**ABOUT THIS TASK:** Your copy starts at the line containing "После общей молитвы" and ends at the last line of the material below. Reproduce those lines exactly, with no pictures.

**DATA EXTRACT:**
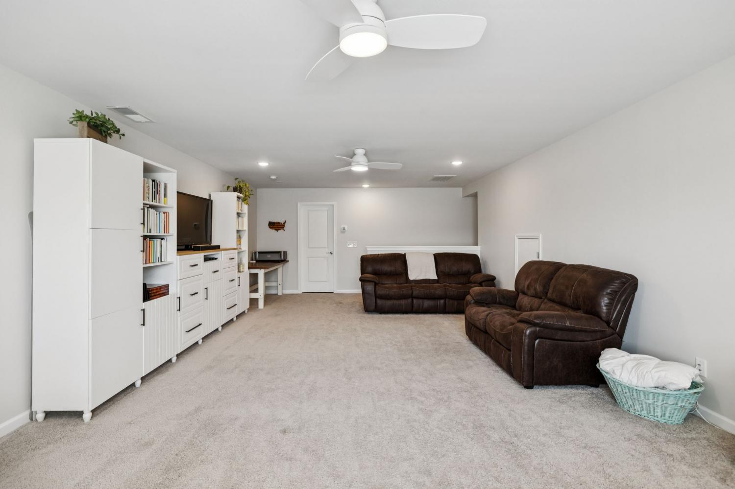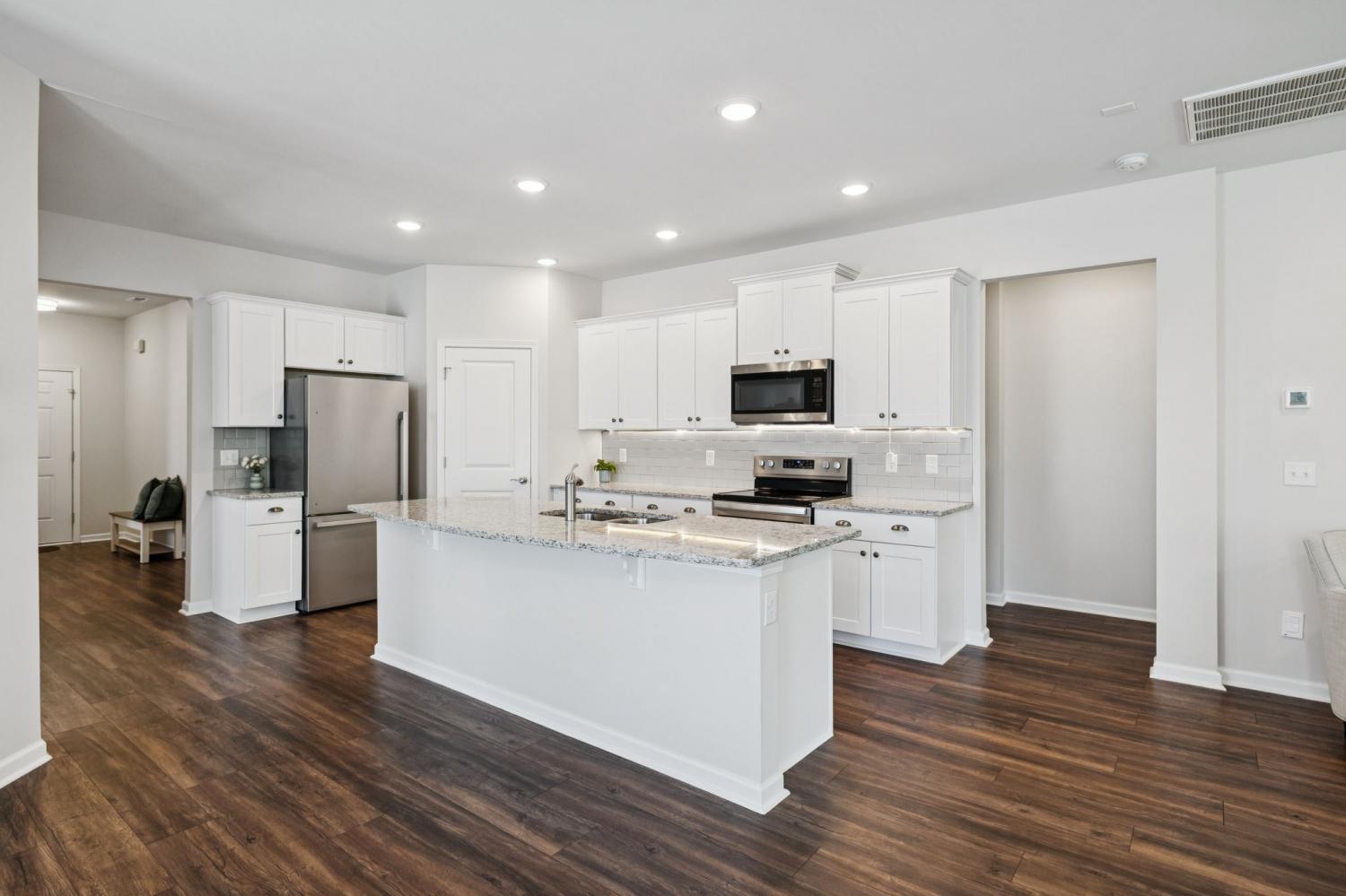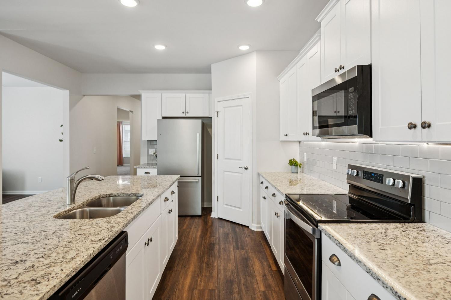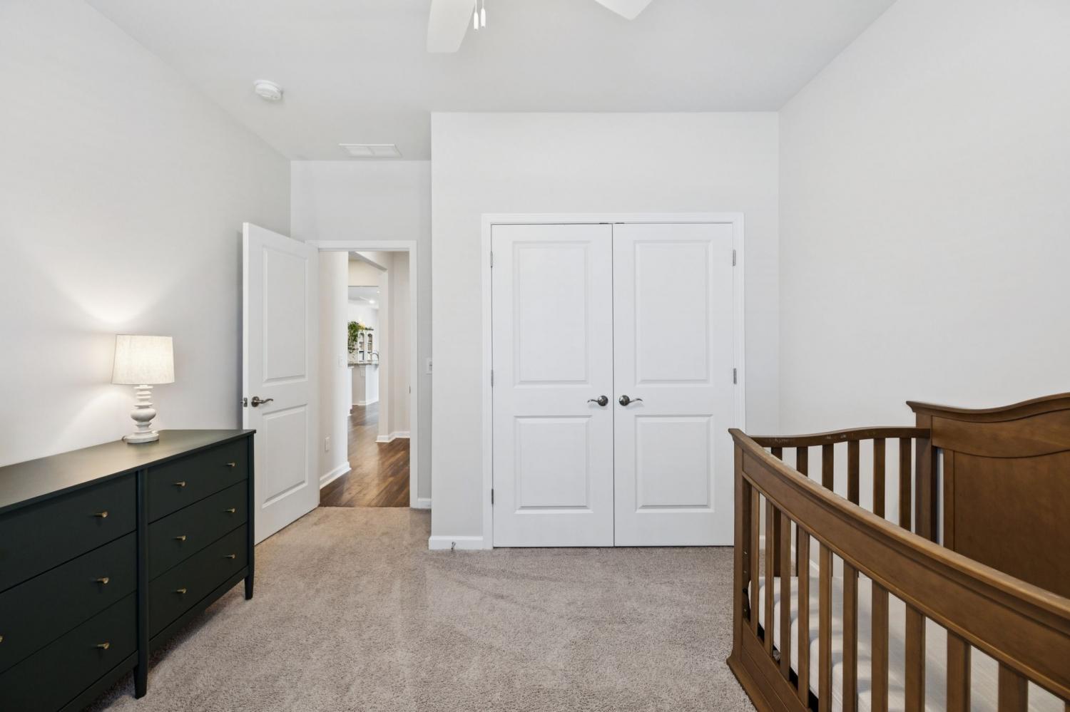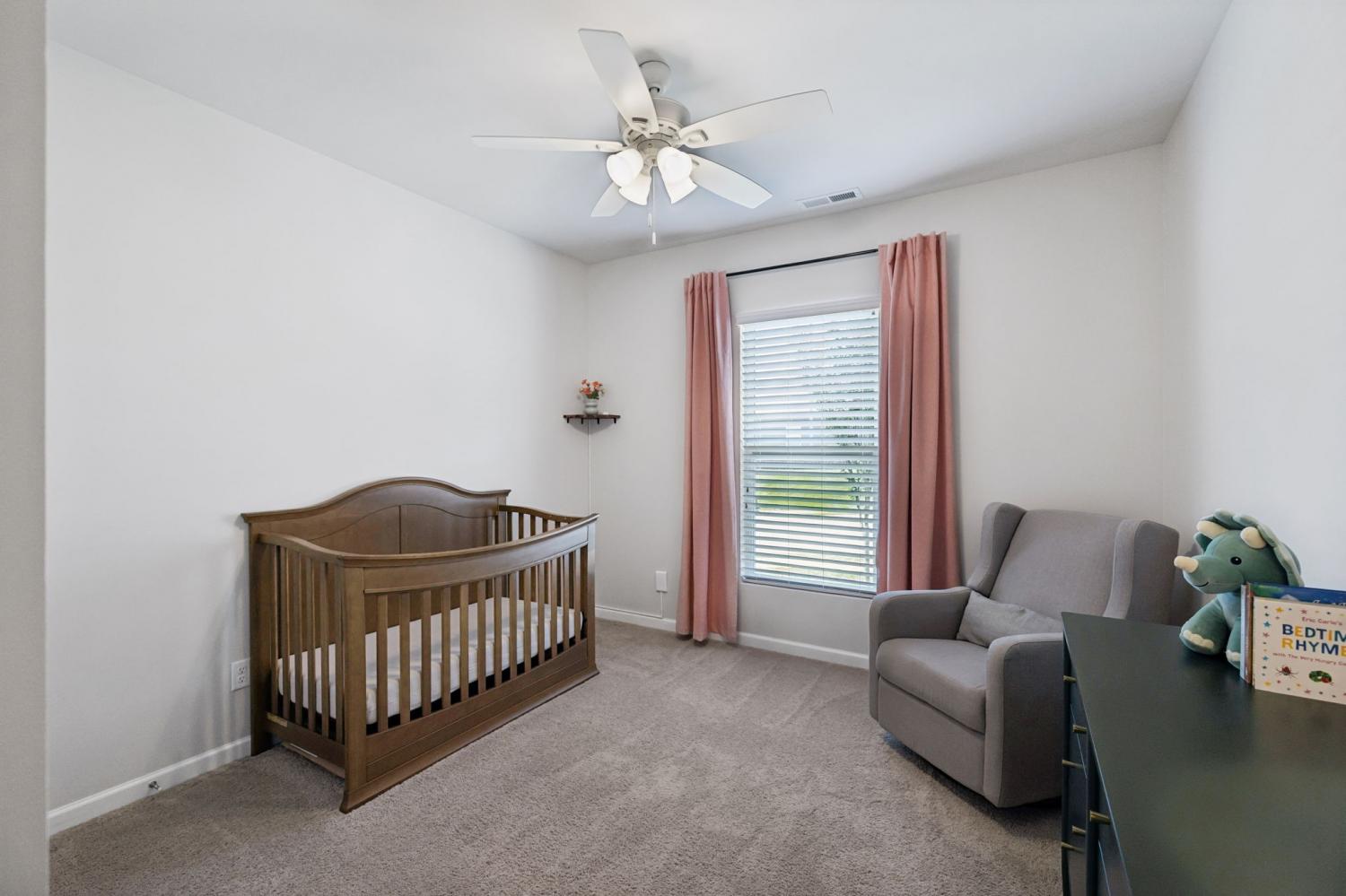 Beautiful, Open-Design home on a spacious, Fenced lot that backs to mature Trees! The main level features a private primary suite, a second bedroom, and a flexible room that could convert to a third bedroom. The generous kitchen shines with granite counters, crisp white cabinetry, and a sprawling island — perfect for cooking and entertaining. The dining area walks out to a covered back porch for easy indoor/outdoor living. The primary suite is a retreat with a trey ceiling, a roomy shower, and a walk-in closet, plus peaceful backyard views from the window. Upstairs finds an exceptionally large recreation room with a walk-in storage closet. This section of the neighborhood offers access to the neighborhood, beautiful pool, plenty of lounge space, and a firepit to enjoy sunsets. Very walkable neighborhood- parks, dog park, sidewalks and close to retail/restaurants!
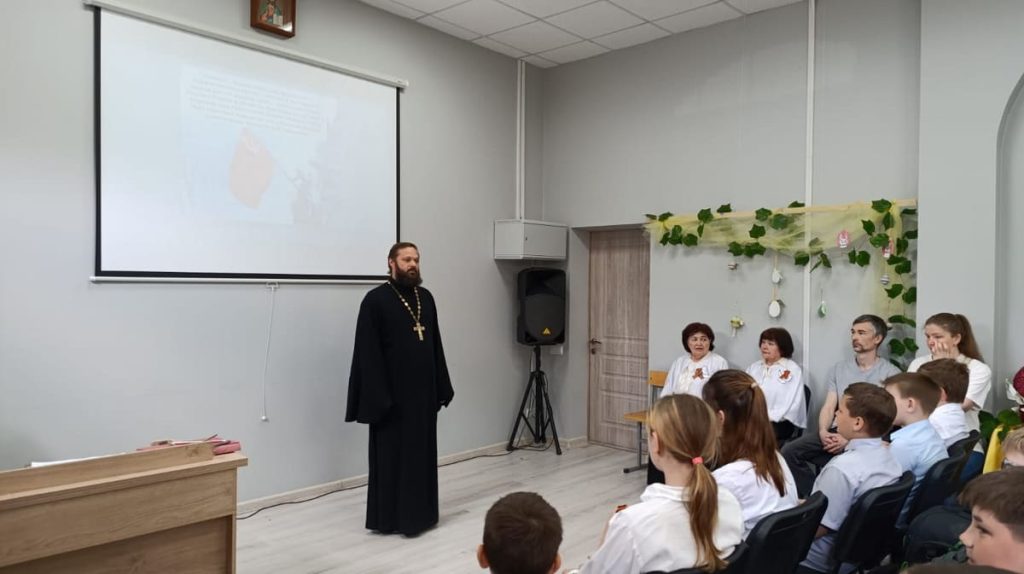После общей молитвы и минуты молчания к собравшимся ребятам обратился с приветственным словом настоятель храма иерей Александр Орешин. Священник поздравил всех присутствующих с праздником Воскресения Христова и грядущим восьмидесятилетием дня победы. Священник призвал слушателей хранить память предков и помнить об их великой жертве во имя мира на земле, особенно отметив тот факт, что русский солдат на полях сражений Великой отечественной войны исполнил слова Спасителя: «Нет больше той любви, аще кто положит душу свою за други своя…».
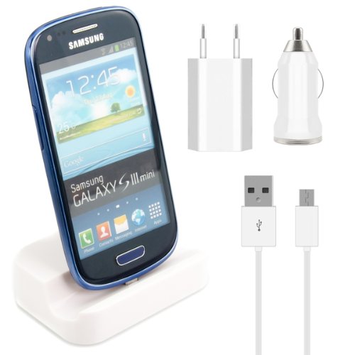 Station d'accueil avec la fonction de haut micro USB pour Samsung Galaxy S3 Mini i8190 Blanc + kit de chargement haut de gamme au design élégant signé

**EXPECTED ANSWER:**
После общей молитвы и минуты молчания к собравшимся ребятам обратился с приветственным словом настоятель храма иерей Александр Орешин. Священник поздравил всех присутствующих с праздником Воскресения Христова и грядущим восьмидесятилетием дня победы. Священник призвал слушателей хранить память предков и помнить об их великой жертве во имя мира на земле, особенно отметив тот факт, что русский солдат на полях сражений Великой отечественной войны исполнил слова Спасителя: «Нет больше той любви, аще кто положит душу свою за други своя…».
 Station d'accueil avec la fonction de haut micro USB pour Samsung Galaxy S3 Mini i8190 Blanc + kit de chargement haut de gamme au design élégant signé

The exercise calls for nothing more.